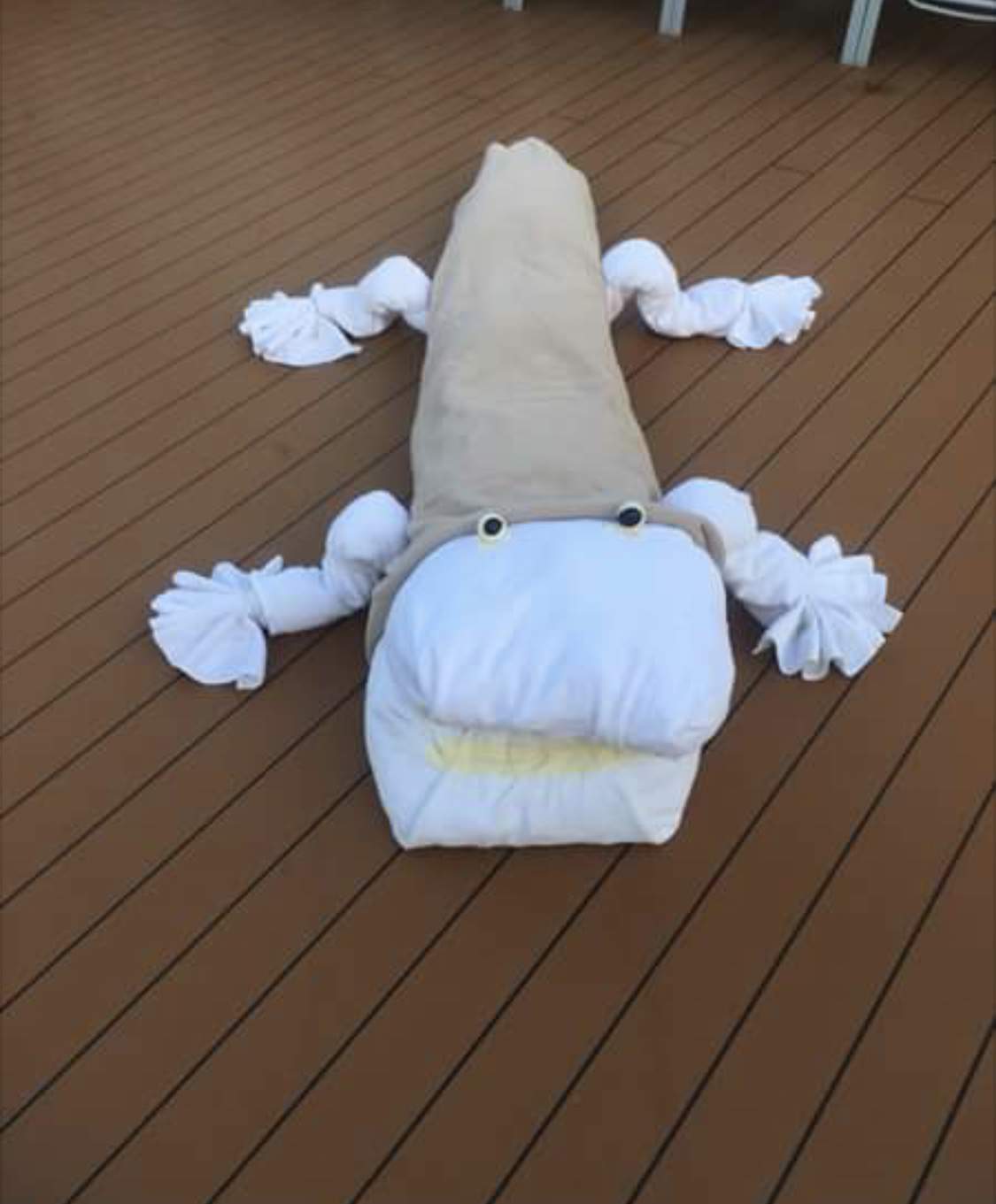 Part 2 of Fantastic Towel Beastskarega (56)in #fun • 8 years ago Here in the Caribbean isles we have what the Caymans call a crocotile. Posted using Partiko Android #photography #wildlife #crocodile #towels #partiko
* * *
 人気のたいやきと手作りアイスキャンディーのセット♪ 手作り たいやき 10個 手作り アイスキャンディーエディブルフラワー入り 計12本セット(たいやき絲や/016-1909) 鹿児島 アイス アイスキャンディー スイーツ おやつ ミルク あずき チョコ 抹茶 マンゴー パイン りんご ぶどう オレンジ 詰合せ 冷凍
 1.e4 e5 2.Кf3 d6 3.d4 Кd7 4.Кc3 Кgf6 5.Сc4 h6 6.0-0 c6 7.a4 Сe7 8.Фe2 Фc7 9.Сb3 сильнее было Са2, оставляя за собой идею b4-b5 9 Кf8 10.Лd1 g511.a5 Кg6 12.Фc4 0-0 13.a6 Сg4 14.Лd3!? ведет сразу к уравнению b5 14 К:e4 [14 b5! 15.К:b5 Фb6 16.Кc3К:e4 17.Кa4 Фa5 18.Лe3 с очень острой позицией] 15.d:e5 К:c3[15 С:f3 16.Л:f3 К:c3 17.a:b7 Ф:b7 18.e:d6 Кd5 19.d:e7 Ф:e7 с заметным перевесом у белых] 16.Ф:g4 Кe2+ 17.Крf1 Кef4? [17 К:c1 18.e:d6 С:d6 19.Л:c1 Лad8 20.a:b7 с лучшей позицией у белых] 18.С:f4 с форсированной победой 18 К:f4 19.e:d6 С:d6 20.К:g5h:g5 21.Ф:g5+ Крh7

=== Work required ===
Would you please copy exactly the part of the entries above that begins at the line containing "人気のたいやきと手作りアイスキャンディーのセット♪ 手作り たいやき" and ends at the line containing "1.e4 e5 2.Кf3", both lines included?

=== Exercise response ===
 人気のたいやきと手作りアイスキャンディーのセット♪ 手作り たいやき 10個 手作り アイスキャンディーエディブルフラワー入り 計12本セット(たいやき絲や/016-1909) 鹿児島 アイス アイスキャンディー スイーツ おやつ ミルク あずき チョコ 抹茶 マンゴー パイン りんご ぶどう オレンジ 詰合せ 冷凍
 1.e4 e5 2.Кf3 d6 3.d4 Кd7 4.Кc3 Кgf6 5.Сc4 h6 6.0-0 c6 7.a4 Сe7 8.Фe2 Фc7 9.Сb3 сильнее было Са2, оставляя за собой идею b4-b5 9 Кf8 10.Лd1 g511.a5 Кg6 12.Фc4 0-0 13.a6 Сg4 14.Лd3!? ведет сразу к уравнению b5 14 К:e4 [14 b5! 15.К:b5 Фb6 16.Кc3К:e4 17.Кa4 Фa5 18.Лe3 с очень острой позицией] 15.d:e5 К:c3[15 С:f3 16.Л:f3 К:c3 17.a:b7 Ф:b7 18.e:d6 Кd5 19.d:e7 Ф:e7 с заметным перевесом у белых] 16.Ф:g4 Кe2+ 17.Крf1 Кef4? [17 К:c1 18.e:d6 С:d6 19.Л:c1 Лad8 20.a:b7 с лучшей позицией у белых] 18.С:f4 с форсированной победой 18 К:f4 19.e:d6 С:d6 20.К:g5h:g5 21.Ф:g5+ Крh7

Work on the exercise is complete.